── GIVEN RECORDS

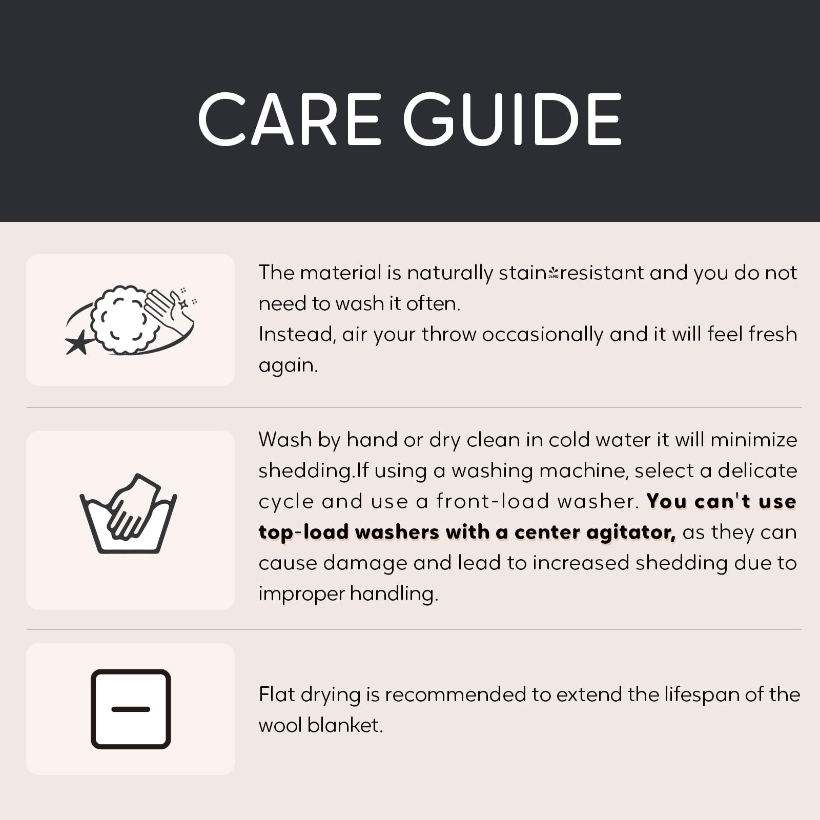 • EASY MAINTENANCE-Thanks to wool blanket, it has self-cleaning function, so it is usually washed once every one or two years.Instead, air your throw occasionally and it will feel fresh again. A little shedding is normal during the first wash, but if you can wash by hand or dry clean in cold water it will minimize shedding. In this way, the wool blanket can be protected and the service life of the wool blanket can be extended, and it may also accompany your life directly.If using a washing machine, select a delicate cycle and use a front-load washer. You can't use the top-load washers with a center agitator, as they can cause damage and lead to increased shedding due to improper handling.
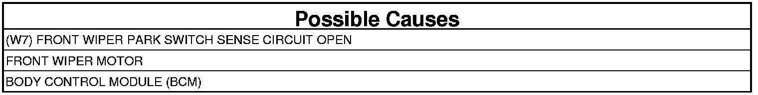 - Repair the open in the (W7) Front Wiper Park Switch Sense circuit.
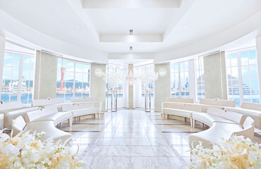 全館オーシャンビュー | モダン&スタイリッシュな円形式場、海の見えるお食事会場 |
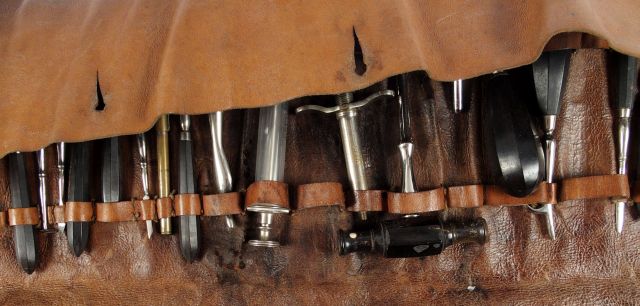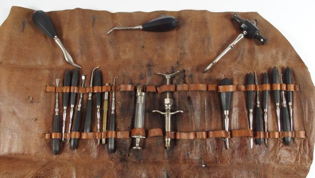 Trousse de chirurgien en cuir, manches des instruments en ébène.
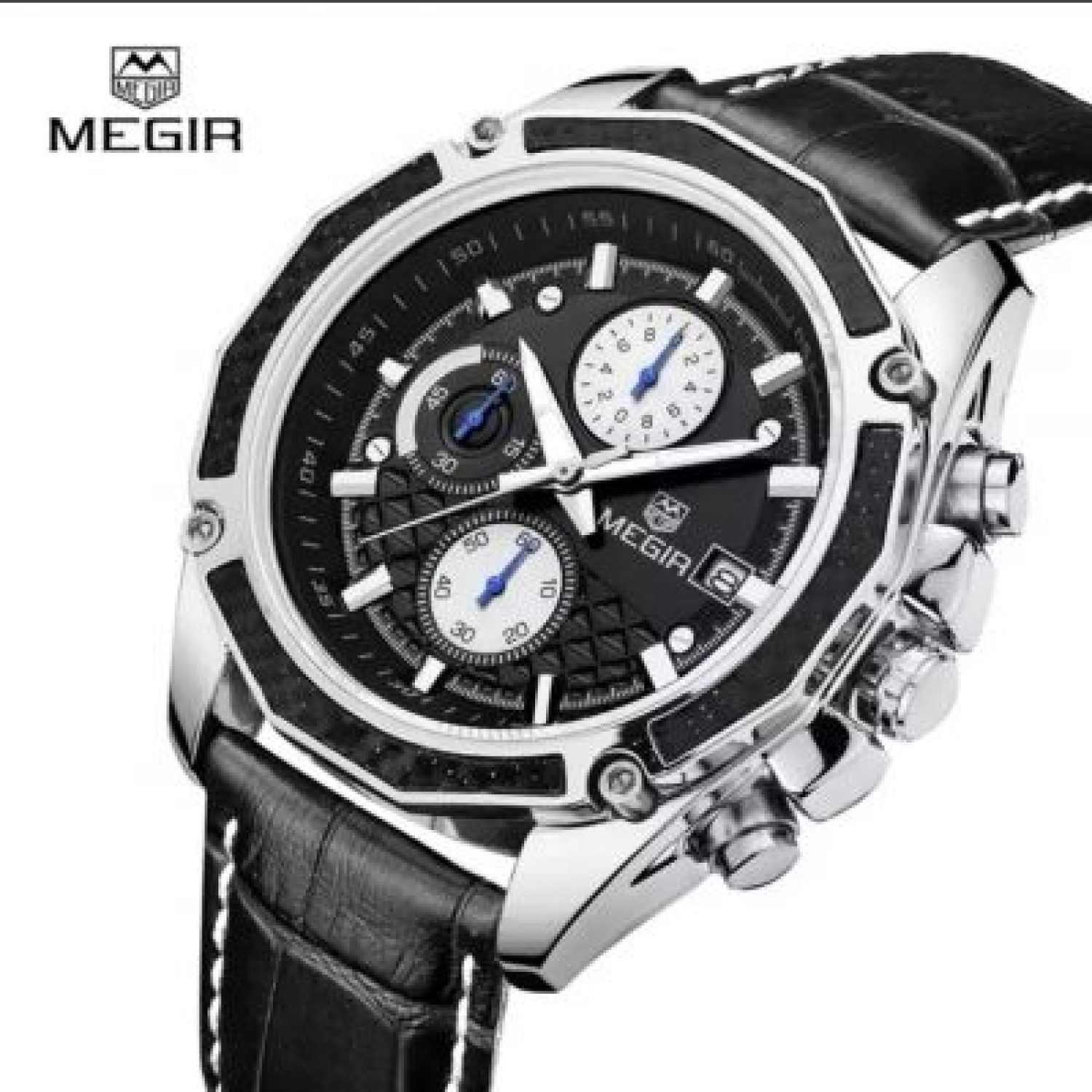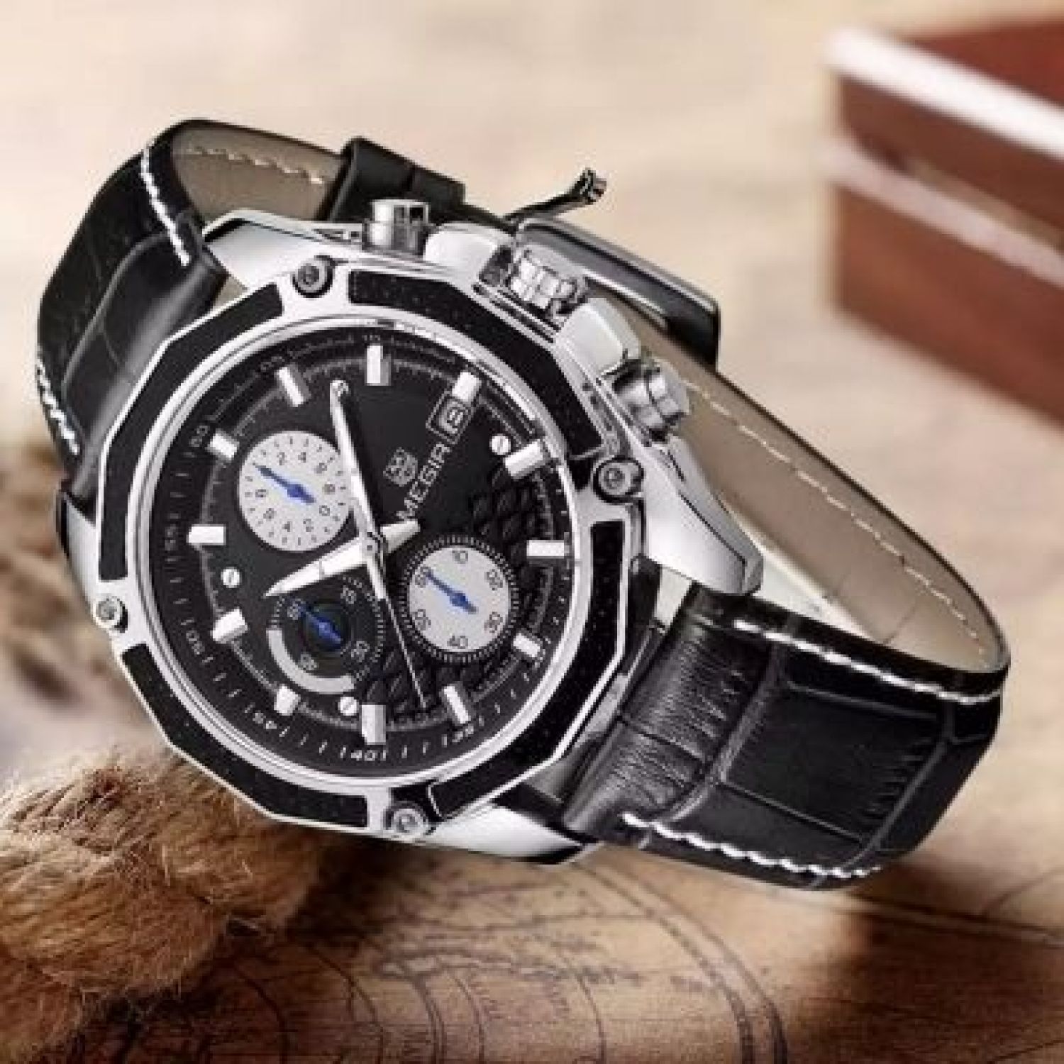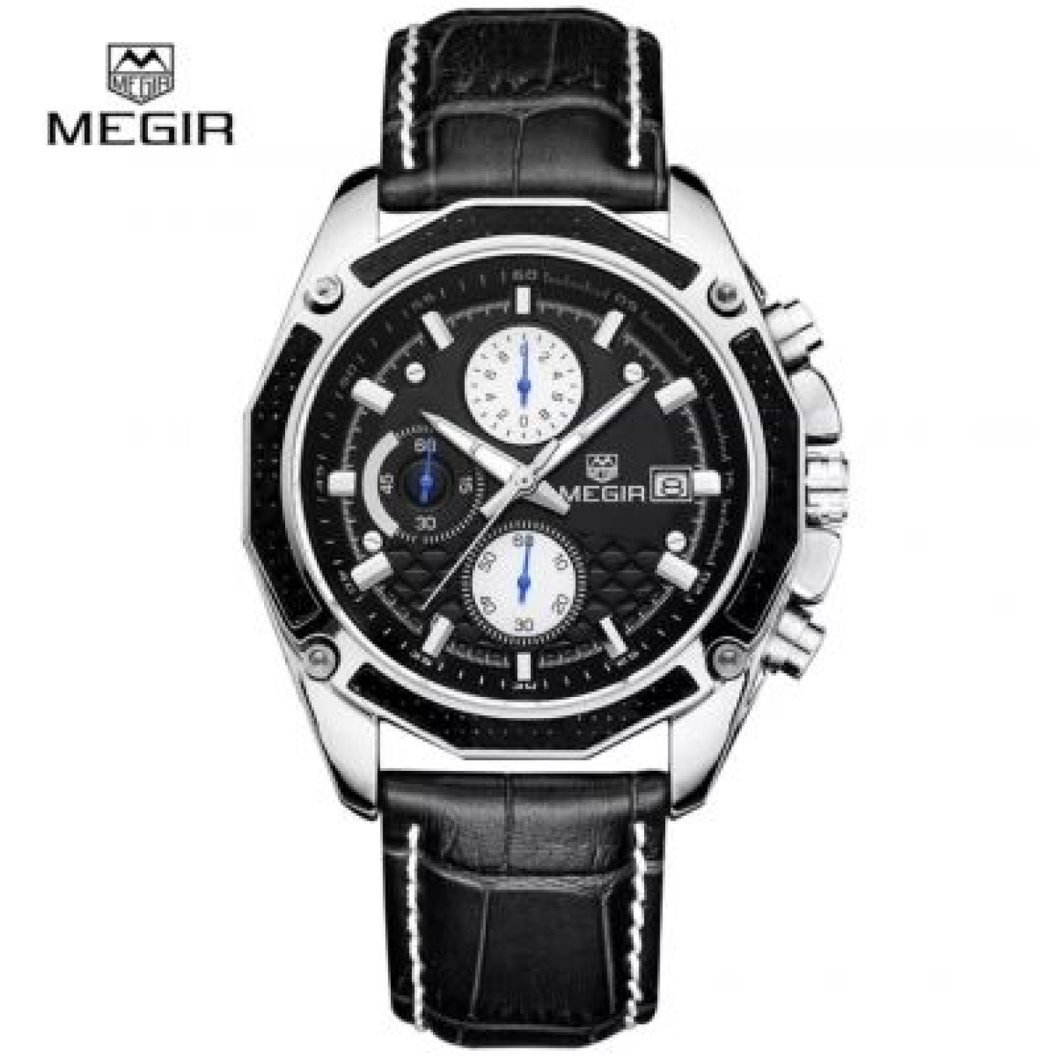 Men's MEGIR Black Leather Watch - FREE SHIPPING

────

• **YOUR ASSIGNMENT**: Exactly as they appear above, write out all the entries, without pictures.

• **RESPONSE TO THE EXERCISE**:
 • EASY MAINTENANCE-Thanks to wool blanket, it has self-cleaning function, so it is usually washed once every one or two years.Instead, air your throw occasionally and it will feel fresh again. A little shedding is normal during the first wash, but if you can wash by hand or dry clean in cold water it will minimize shedding. In this way, the wool blanket can be protected and the service life of the wool blanket can be extended, and it may also accompany your life directly.If using a washing machine, select a delicate cycle and use a front-load washer. You can't use the top-load washers with a center agitator, as they can cause damage and lead to increased shedding due to improper handling.
 - Repair the open in the (W7) Front Wiper Park Switch Sense circuit.
 全館オーシャンビュー | モダン&スタイリッシュな円形式場、海の見えるお食事会場 |
 Trousse de chirurgien en cuir, manches des instruments en ébène.
 Men's MEGIR Black Leather Watch - FREE SHIPPING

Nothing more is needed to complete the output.